▶ _ACTIVITY_: Print every entry exactly as written and exclude all images.

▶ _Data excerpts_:

== == ==

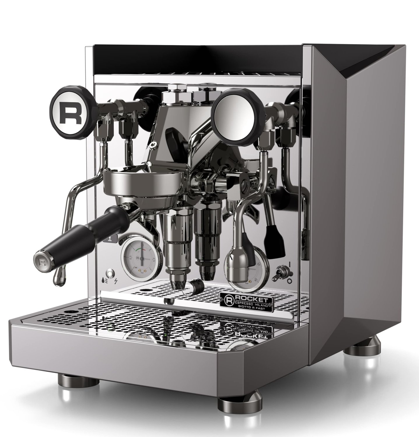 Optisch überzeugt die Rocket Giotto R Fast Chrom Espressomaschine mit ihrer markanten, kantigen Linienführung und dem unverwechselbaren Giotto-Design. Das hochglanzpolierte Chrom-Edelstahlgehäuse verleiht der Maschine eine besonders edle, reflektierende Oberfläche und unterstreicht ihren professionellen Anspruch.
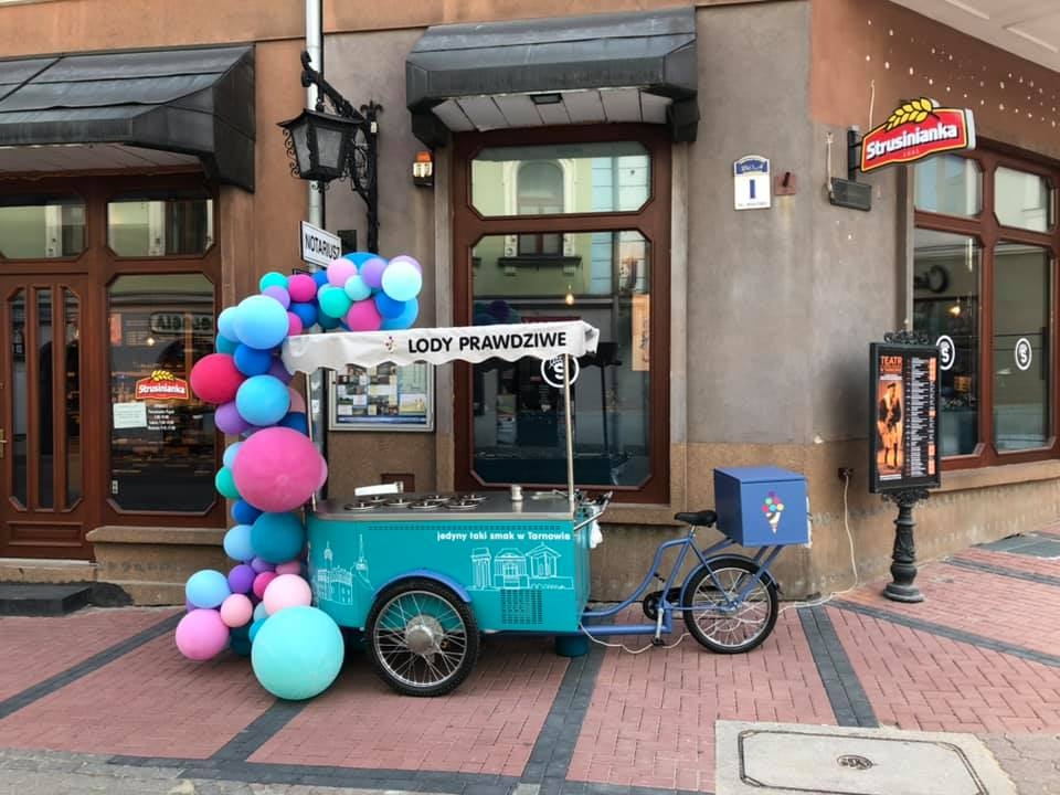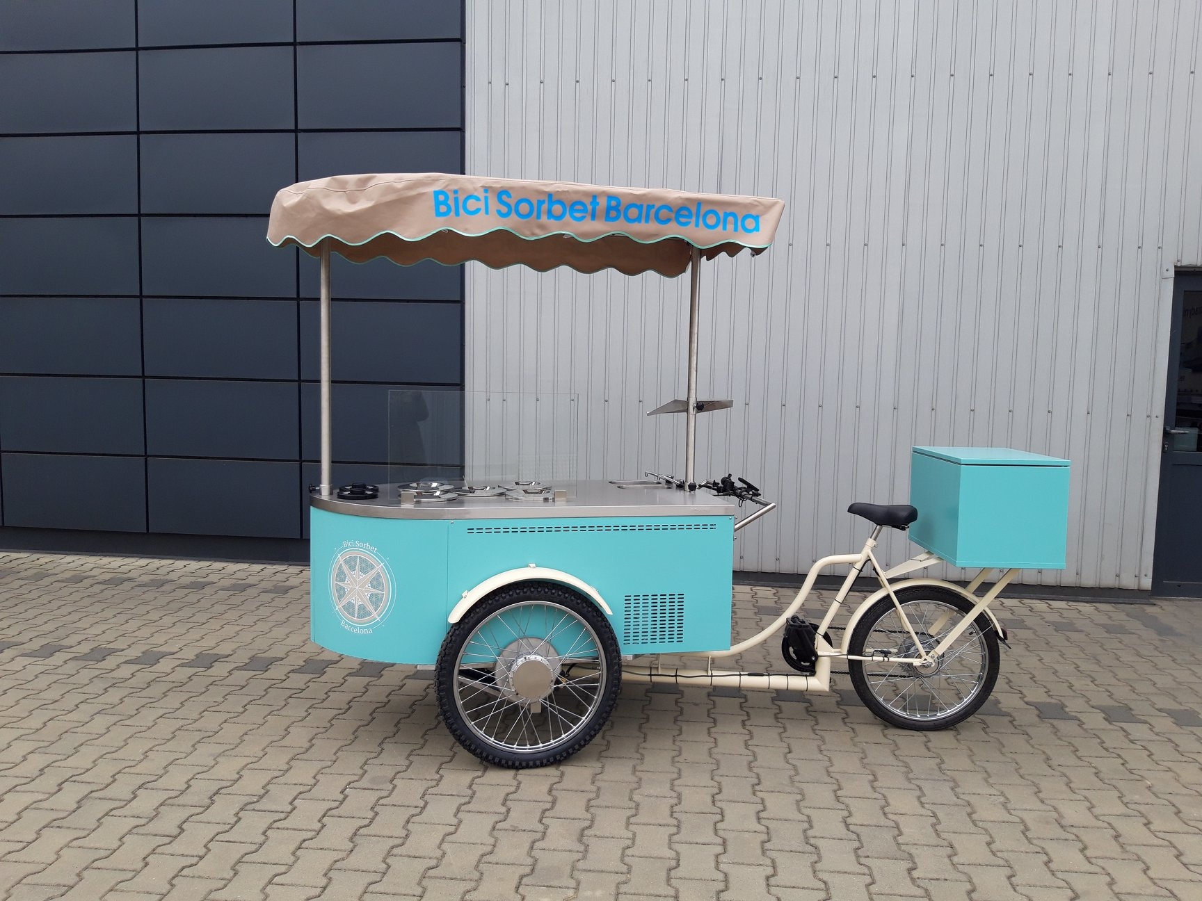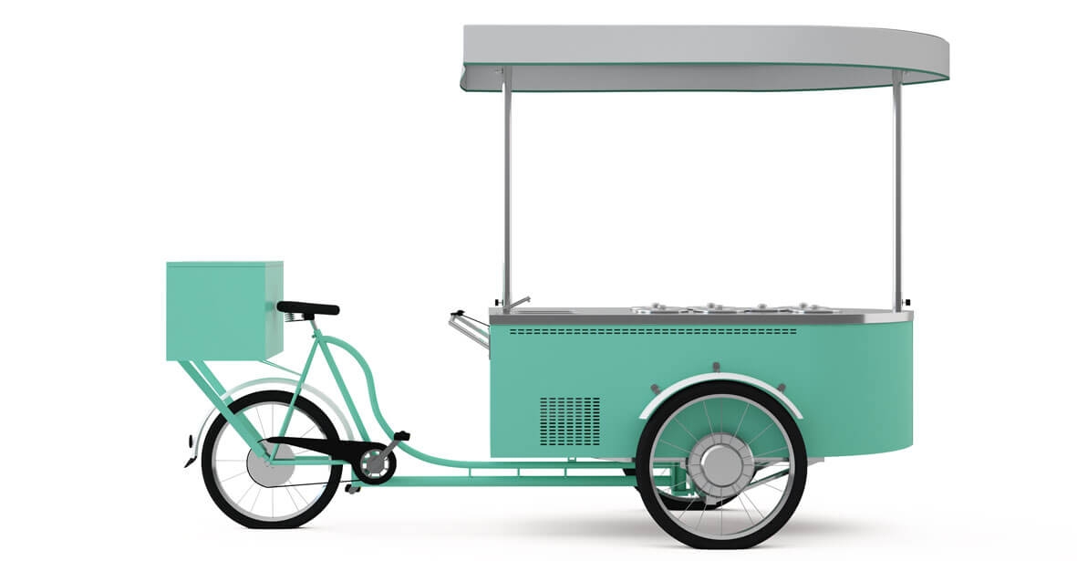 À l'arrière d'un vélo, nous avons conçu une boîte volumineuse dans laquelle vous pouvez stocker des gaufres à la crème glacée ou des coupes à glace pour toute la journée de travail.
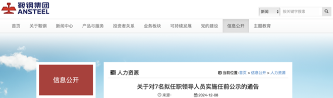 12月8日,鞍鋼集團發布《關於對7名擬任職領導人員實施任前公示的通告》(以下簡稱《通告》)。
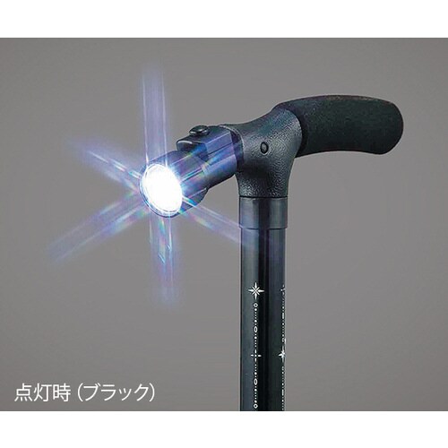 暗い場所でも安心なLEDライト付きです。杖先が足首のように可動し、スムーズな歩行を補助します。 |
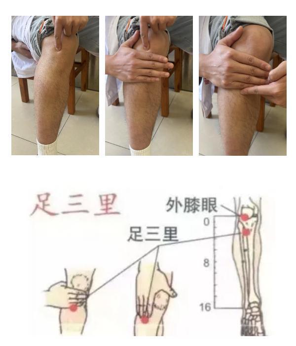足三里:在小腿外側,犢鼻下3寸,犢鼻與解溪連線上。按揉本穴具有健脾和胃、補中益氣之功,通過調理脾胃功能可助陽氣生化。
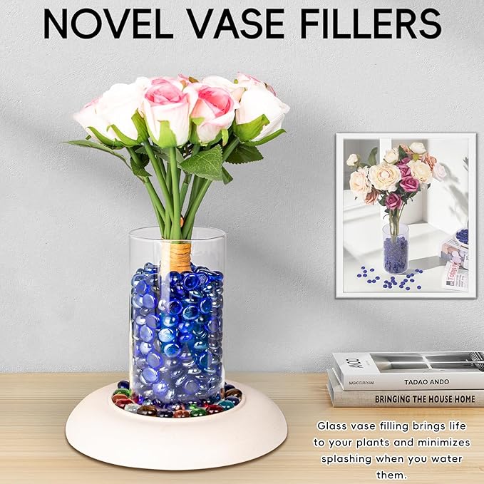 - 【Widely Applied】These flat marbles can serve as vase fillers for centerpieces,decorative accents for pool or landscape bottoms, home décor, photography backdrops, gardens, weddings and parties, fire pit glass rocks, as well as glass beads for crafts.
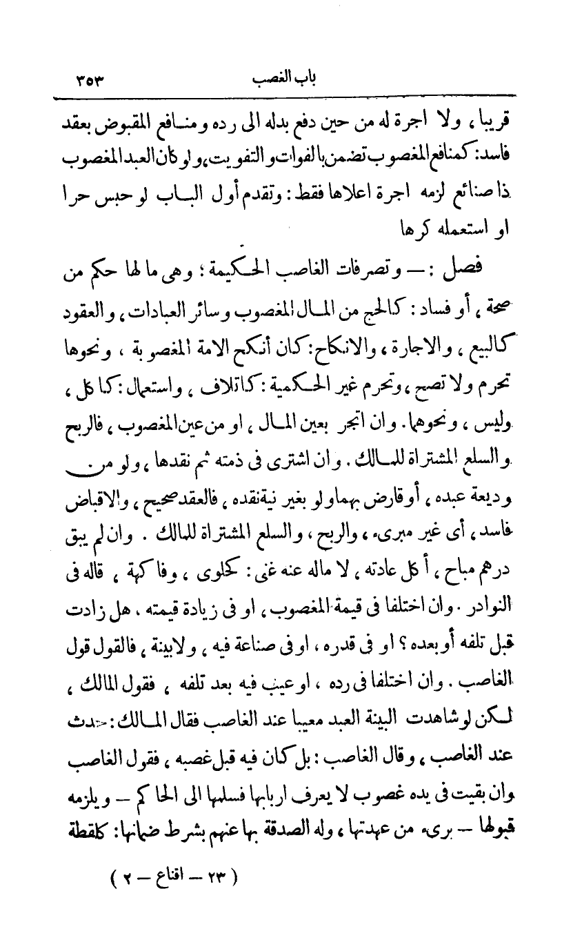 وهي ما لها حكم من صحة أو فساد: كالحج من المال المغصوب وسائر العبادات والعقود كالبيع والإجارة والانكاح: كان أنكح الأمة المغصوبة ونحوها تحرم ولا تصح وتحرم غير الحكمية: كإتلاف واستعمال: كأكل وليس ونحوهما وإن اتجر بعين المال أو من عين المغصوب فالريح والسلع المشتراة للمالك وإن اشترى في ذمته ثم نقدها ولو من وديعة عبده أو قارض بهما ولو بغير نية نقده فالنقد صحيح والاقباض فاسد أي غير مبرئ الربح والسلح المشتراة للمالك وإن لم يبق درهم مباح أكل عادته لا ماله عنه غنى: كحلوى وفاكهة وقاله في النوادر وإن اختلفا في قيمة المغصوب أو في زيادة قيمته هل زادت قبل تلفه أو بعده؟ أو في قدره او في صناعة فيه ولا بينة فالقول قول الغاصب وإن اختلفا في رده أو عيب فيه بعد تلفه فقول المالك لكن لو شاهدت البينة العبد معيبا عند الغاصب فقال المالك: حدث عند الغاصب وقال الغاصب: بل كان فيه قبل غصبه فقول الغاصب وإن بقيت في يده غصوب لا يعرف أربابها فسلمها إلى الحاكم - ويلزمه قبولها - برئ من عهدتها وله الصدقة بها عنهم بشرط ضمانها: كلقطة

== == ==

▶ _WRITTEN RESPONSE_:
 Optisch überzeugt die Rocket Giotto R Fast Chrom Espressomaschine mit ihrer markanten, kantigen Linienführung und dem unverwechselbaren Giotto-Design. Das hochglanzpolierte Chrom-Edelstahlgehäuse verleiht der Maschine eine besonders edle, reflektierende Oberfläche und unterstreicht ihren professionellen Anspruch.
 À l'arrière d'un vélo, nous avons conçu une boîte volumineuse dans laquelle vous pouvez stocker des gaufres à la crème glacée ou des coupes à glace pour toute la journée de travail.
 12月8日,鞍鋼集團發布《關於對7名擬任職領導人員實施任前公示的通告》(以下簡稱《通告》)。
 暗い場所でも安心なLEDライト付きです。杖先が足首のように可動し、スムーズな歩行を補助します。 |
足三里:在小腿外側,犢鼻下3寸,犢鼻與解溪連線上。按揉本穴具有健脾和胃、補中益氣之功,通過調理脾胃功能可助陽氣生化。
 - 【Widely Applied】These flat marbles can serve as vase fillers for centerpieces,decorative accents for pool or landscape bottoms, home décor, photography backdrops, gardens, weddings and parties, fire pit glass rocks, as well as glass beads for crafts.
 وهي ما لها حكم من صحة أو فساد: كالحج من المال المغصوب وسائر العبادات والعقود كالبيع والإجارة والانكاح: كان أنكح الأمة المغصوبة ونحوها تحرم ولا تصح وتحرم غير الحكمية: كإتلاف واستعمال: كأكل وليس ونحوهما وإن اتجر بعين المال أو من عين المغصوب فالريح والسلع المشتراة للمالك وإن اشترى في ذمته ثم نقدها ولو من وديعة عبده أو قارض بهما ولو بغير نية نقده فالنقد صحيح والاقباض فاسد أي غير مبرئ الربح والسلح المشتراة للمالك وإن لم يبق درهم مباح أكل عادته لا ماله عنه غنى: كحلوى وفاكهة وقاله في النوادر وإن اختلفا في قيمة المغصوب أو في زيادة قيمته هل زادت قبل تلفه أو بعده؟ أو في قدره او في صناعة فيه ولا بينة فالقول قول الغاصب وإن اختلفا في رده أو عيب فيه بعد تلفه فقول المالك لكن لو شاهدت البينة العبد معيبا عند الغاصب فقال المالك: حدث عند الغاصب وقال الغاصب: بل كان فيه قبل غصبه فقول الغاصب وإن بقيت في يده غصوب لا يعرف أربابها فسلمها إلى الحاكم - ويلزمه قبولها - برئ من عهدتها وله الصدقة بها عنهم بشرط ضمانها: كلقطة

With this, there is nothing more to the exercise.